• **Recorded data**:

================

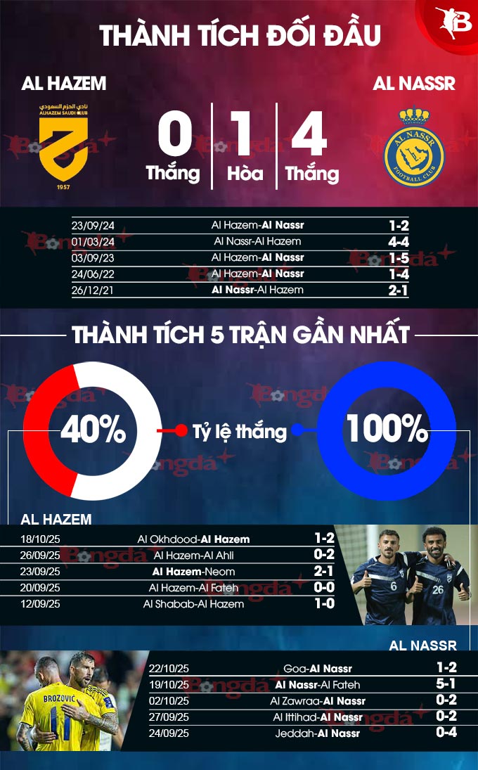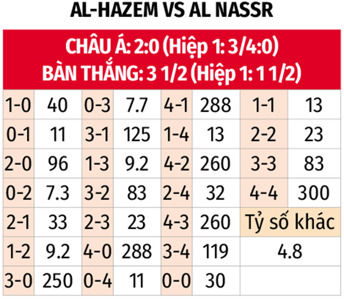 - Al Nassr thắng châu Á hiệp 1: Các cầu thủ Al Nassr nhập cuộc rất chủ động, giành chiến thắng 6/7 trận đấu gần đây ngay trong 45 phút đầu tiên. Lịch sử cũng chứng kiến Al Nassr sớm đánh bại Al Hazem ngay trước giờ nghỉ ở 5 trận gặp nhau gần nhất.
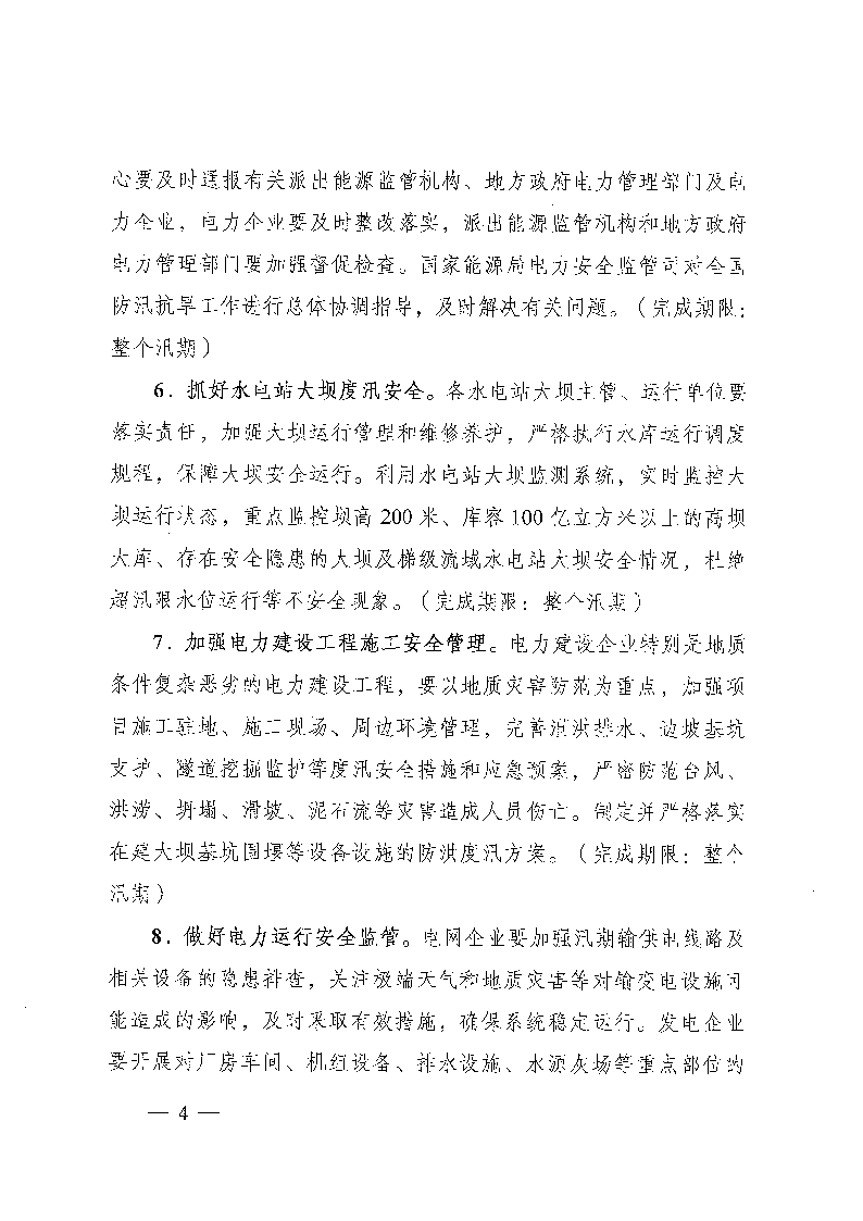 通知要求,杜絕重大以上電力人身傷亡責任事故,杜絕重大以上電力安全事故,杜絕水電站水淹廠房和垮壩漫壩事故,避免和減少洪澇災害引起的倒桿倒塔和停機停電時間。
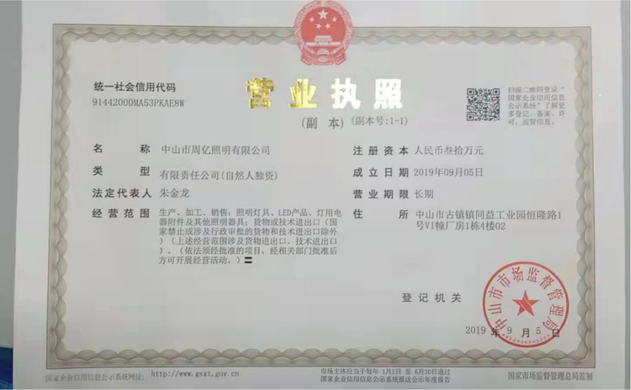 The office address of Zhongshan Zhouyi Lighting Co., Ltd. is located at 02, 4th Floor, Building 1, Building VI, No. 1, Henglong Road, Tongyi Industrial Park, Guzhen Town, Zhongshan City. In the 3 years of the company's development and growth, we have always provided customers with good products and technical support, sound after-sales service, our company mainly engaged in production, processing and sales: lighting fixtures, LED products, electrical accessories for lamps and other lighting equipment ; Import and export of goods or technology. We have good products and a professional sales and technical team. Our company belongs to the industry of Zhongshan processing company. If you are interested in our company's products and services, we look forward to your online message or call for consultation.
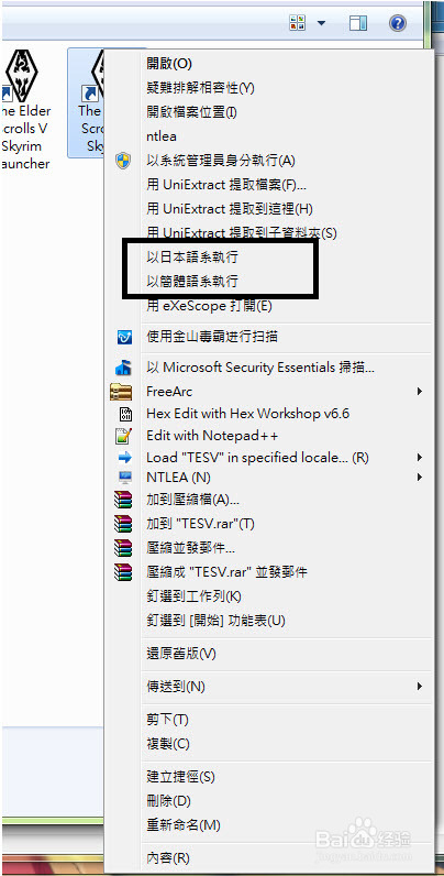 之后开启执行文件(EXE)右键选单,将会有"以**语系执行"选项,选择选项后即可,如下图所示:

================

• **What needs to be done**:
From the top of the listing above, repeat each line exactly until you reach the line containing "通知要求,杜絕重大以上電力人", and repeat that one too. Leave the pictures out.

• **Exercise solution**:
 - Al Nassr thắng châu Á hiệp 1: Các cầu thủ Al Nassr nhập cuộc rất chủ động, giành chiến thắng 6/7 trận đấu gần đây ngay trong 45 phút đầu tiên. Lịch sử cũng chứng kiến Al Nassr sớm đánh bại Al Hazem ngay trước giờ nghỉ ở 5 trận gặp nhau gần nhất.
 通知要求,杜絕重大以上電力人身傷亡責任事故,杜絕重大以上電力安全事故,杜絕水電站水淹廠房和垮壩漫壩事故,避免和減少洪澇災害引起的倒桿倒塔和停機停電時間。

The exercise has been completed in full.